§ **Assignment**
For the data below, transcribe the part that opens with the line containing "Het ontbreekt mij" and closes with the line containing "12月4日(金)1時間目、6", exactly and with no pictures.

§ **Supplied data**
= = = = = = =

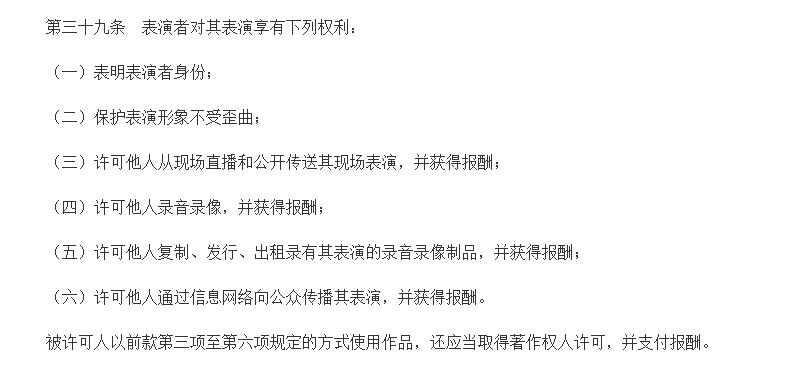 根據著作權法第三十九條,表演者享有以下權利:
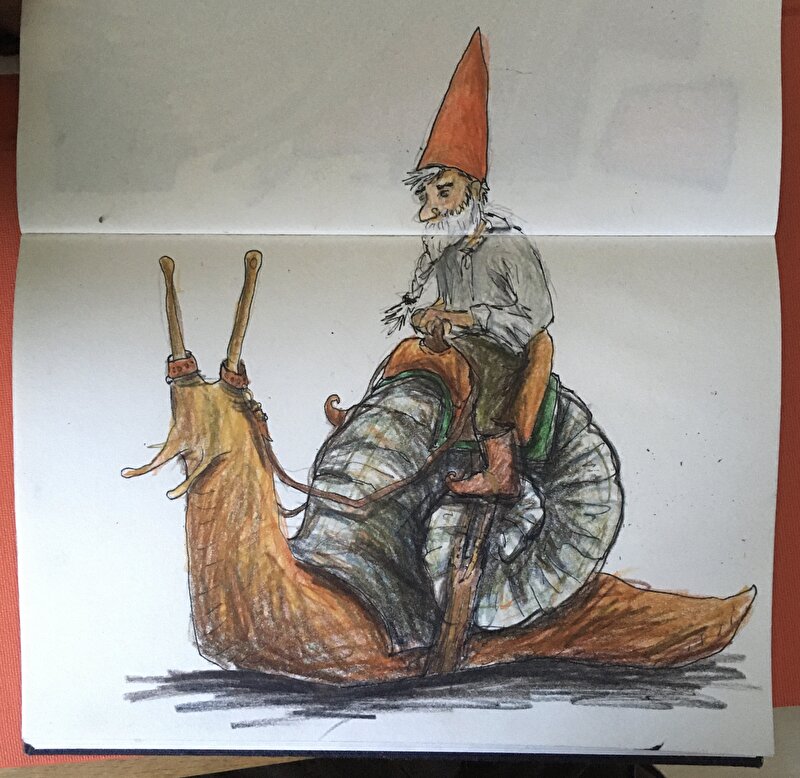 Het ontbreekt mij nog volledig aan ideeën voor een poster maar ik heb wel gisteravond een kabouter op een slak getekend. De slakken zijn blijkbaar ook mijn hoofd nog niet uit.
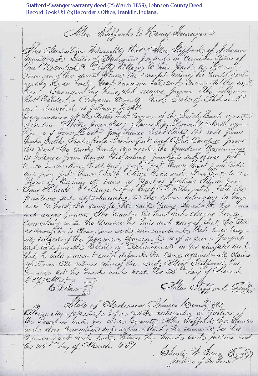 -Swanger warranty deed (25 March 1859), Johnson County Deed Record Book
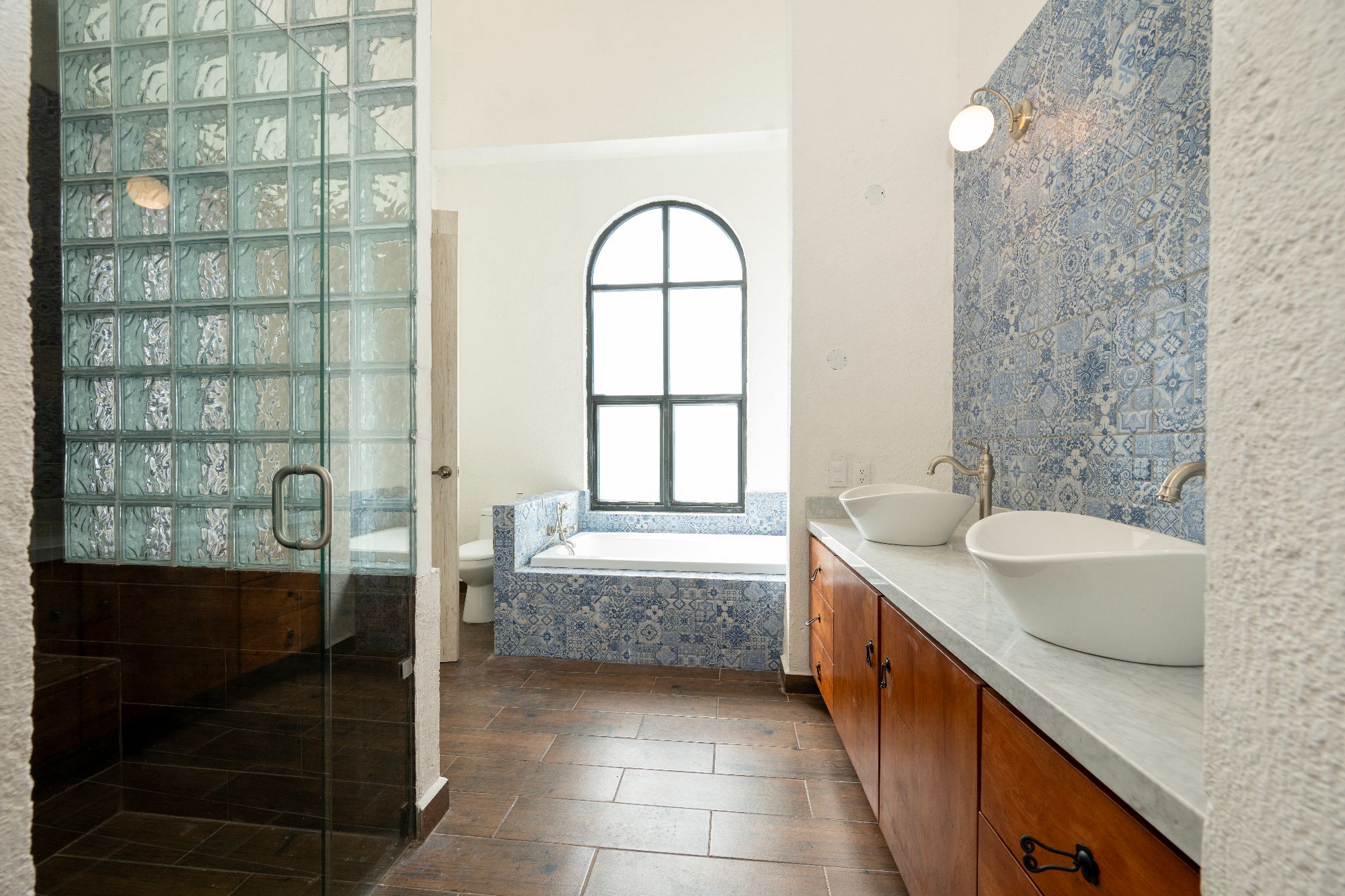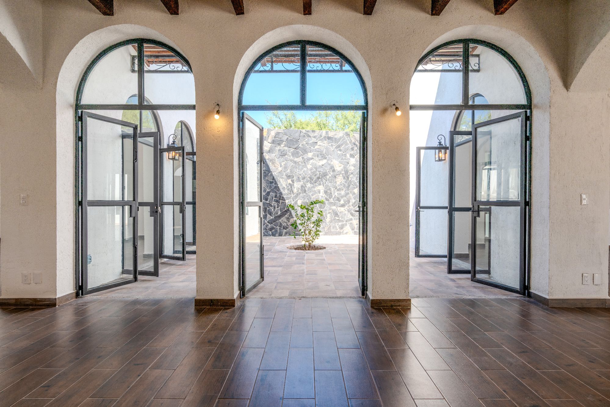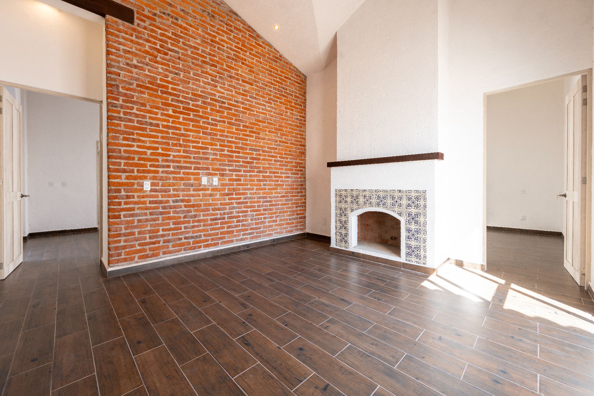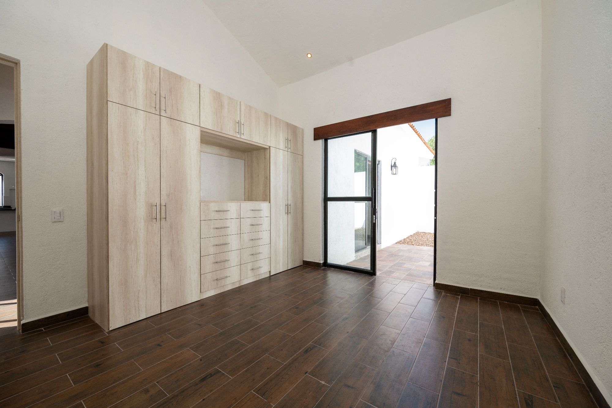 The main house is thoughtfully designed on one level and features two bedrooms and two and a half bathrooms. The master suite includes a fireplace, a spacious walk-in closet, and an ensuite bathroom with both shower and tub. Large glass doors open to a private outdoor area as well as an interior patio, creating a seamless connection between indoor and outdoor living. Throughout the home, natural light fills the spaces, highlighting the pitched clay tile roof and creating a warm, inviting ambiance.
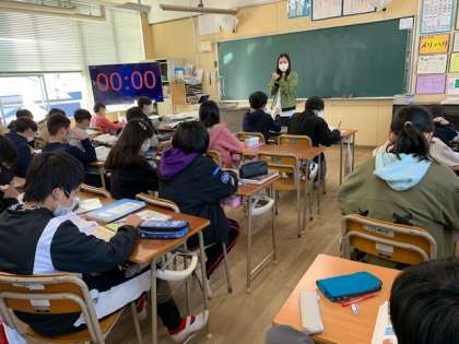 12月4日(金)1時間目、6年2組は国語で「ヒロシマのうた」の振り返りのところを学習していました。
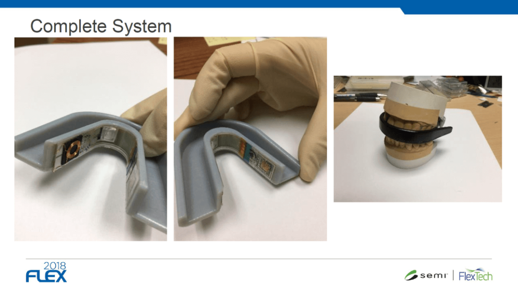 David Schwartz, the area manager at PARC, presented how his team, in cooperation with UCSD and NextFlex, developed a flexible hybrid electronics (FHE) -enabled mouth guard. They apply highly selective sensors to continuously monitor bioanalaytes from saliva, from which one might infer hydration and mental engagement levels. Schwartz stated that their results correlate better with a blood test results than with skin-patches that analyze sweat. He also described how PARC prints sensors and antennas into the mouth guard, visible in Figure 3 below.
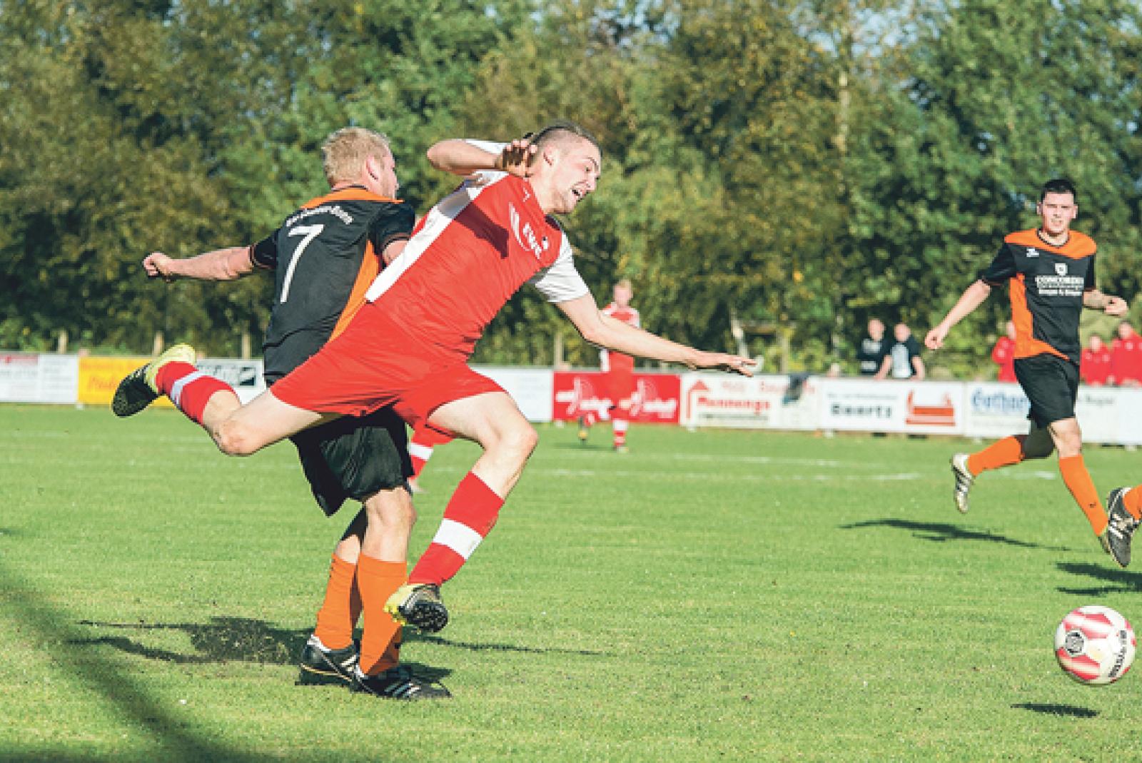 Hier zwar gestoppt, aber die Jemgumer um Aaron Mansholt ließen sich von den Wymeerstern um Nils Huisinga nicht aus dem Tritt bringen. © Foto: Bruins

= = = = = = =

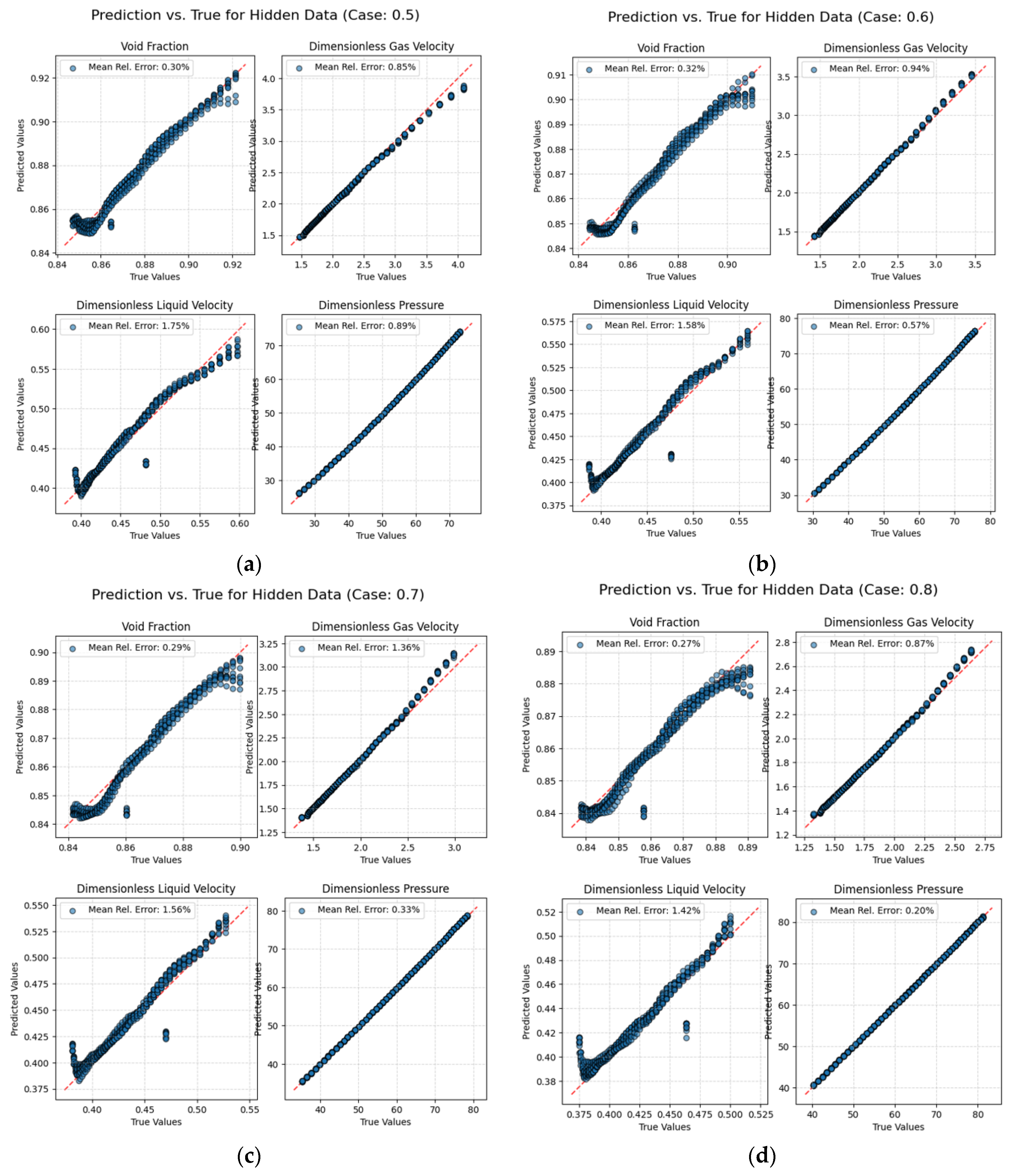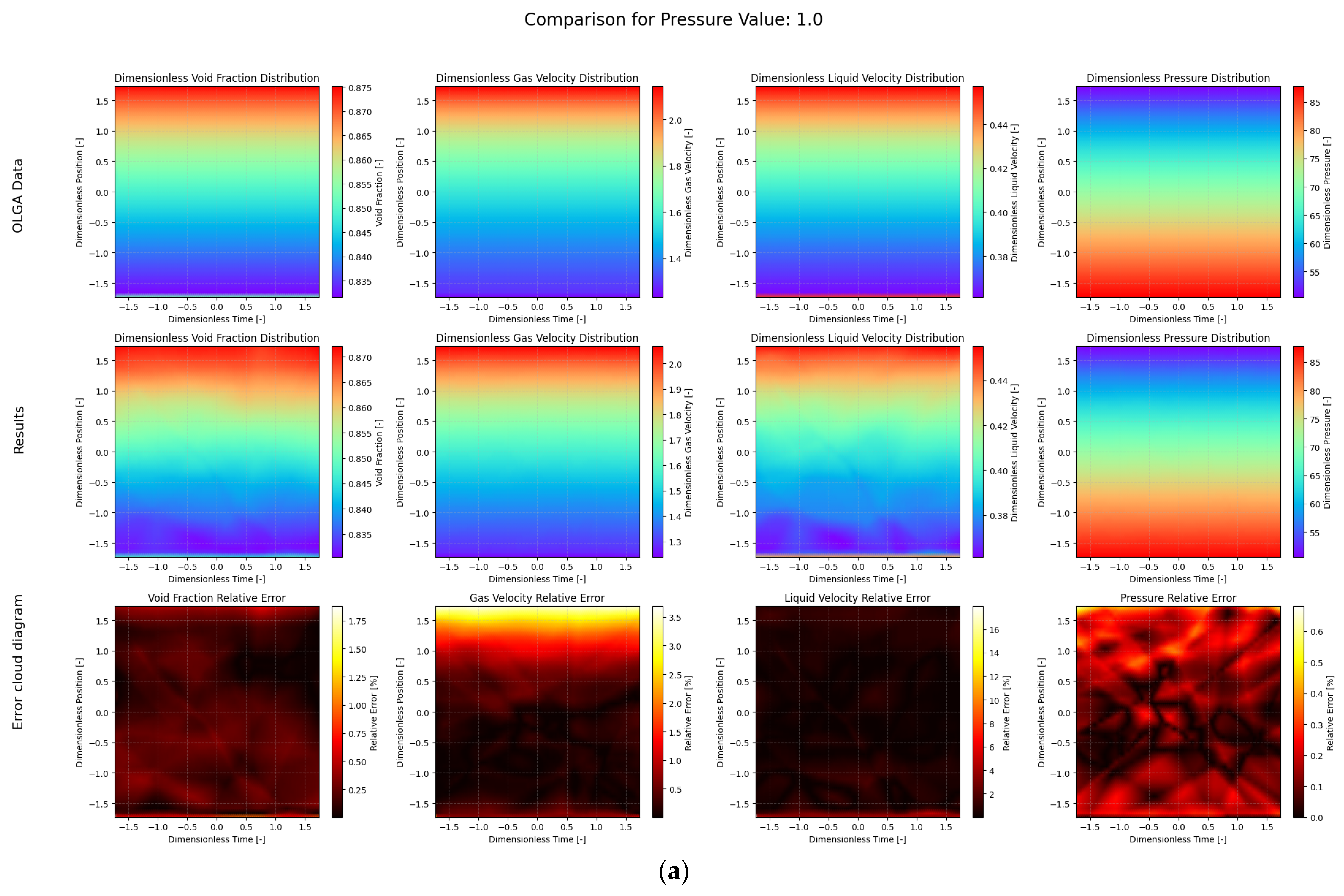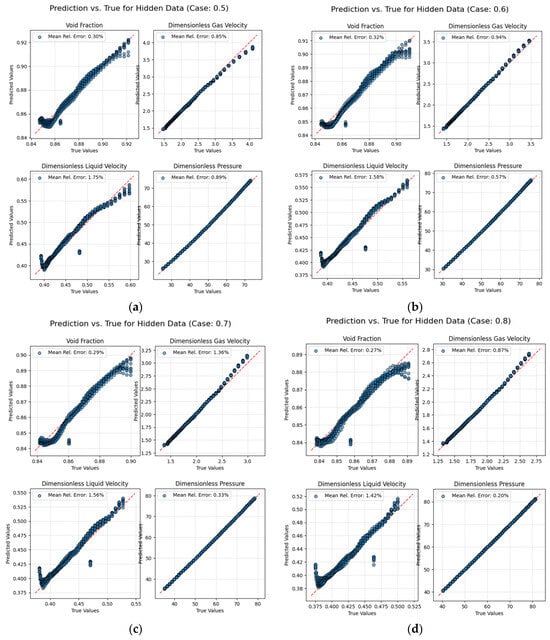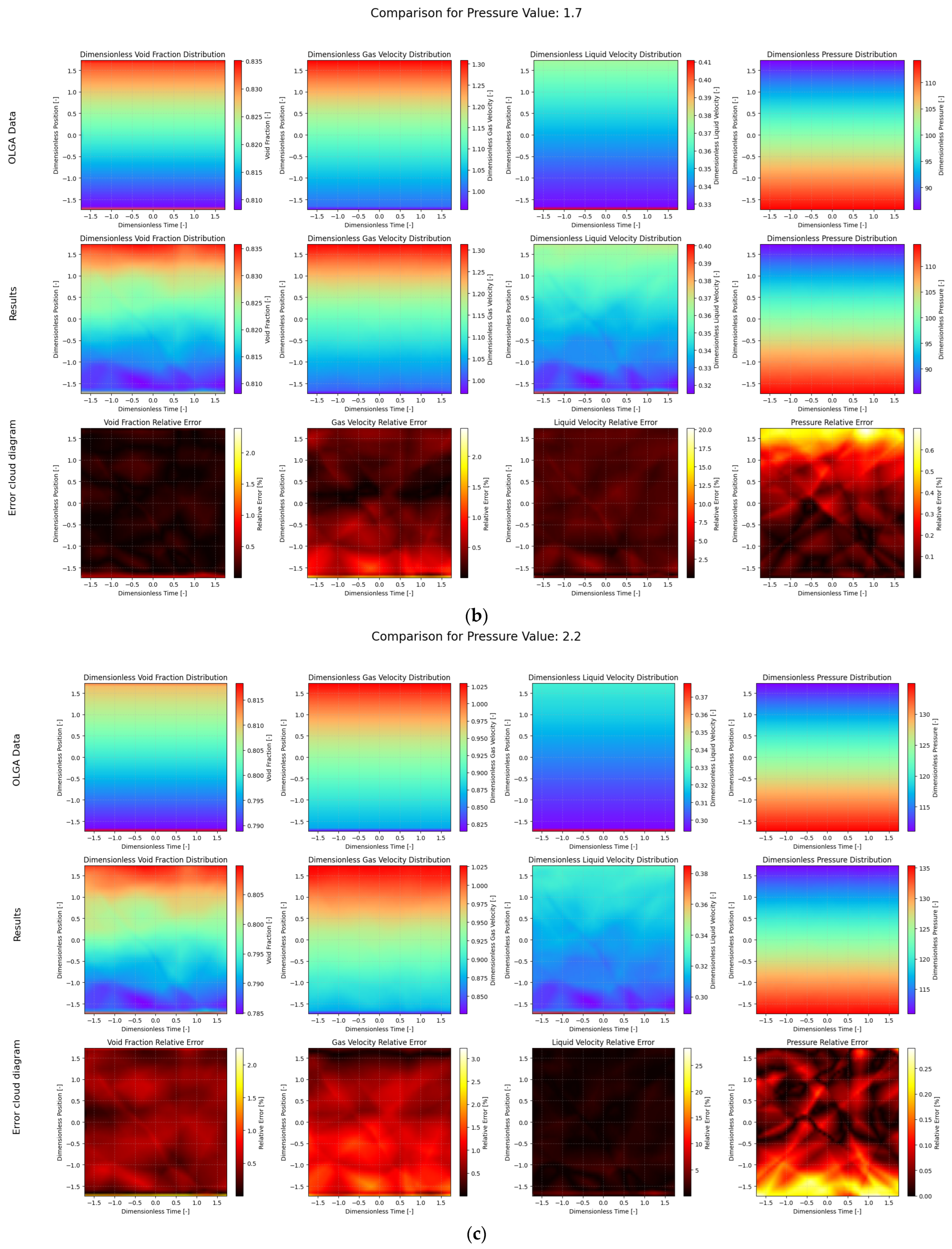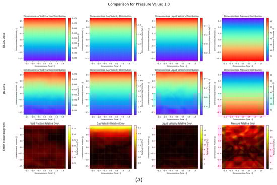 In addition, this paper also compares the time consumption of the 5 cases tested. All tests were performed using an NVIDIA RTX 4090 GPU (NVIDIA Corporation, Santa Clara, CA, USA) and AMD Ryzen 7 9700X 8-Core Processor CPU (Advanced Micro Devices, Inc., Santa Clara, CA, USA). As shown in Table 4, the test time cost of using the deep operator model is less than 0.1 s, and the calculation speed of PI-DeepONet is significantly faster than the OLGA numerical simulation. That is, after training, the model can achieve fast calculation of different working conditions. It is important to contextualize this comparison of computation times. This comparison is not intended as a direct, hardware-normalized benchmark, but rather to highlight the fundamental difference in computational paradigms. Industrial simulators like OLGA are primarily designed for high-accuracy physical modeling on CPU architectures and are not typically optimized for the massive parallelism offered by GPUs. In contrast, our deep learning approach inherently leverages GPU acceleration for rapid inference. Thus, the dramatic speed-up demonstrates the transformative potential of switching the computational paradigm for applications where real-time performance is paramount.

= = = = = = =

§ **Your response**
 Het ontbreekt mij nog volledig aan ideeën voor een poster maar ik heb wel gisteravond een kabouter op een slak getekend. De slakken zijn blijkbaar ook mijn hoofd nog niet uit.
 -Swanger warranty deed (25 March 1859), Johnson County Deed Record Book
 The main house is thoughtfully designed on one level and features two bedrooms and two and a half bathrooms. The master suite includes a fireplace, a spacious walk-in closet, and an ensuite bathroom with both shower and tub. Large glass doors open to a private outdoor area as well as an interior patio, creating a seamless connection between indoor and outdoor living. Throughout the home, natural light fills the spaces, highlighting the pitched clay tile roof and creating a warm, inviting ambiance.
 12月4日(金)1時間目、6年2組は国語で「ヒロシマのうた」の振り返りのところを学習していました。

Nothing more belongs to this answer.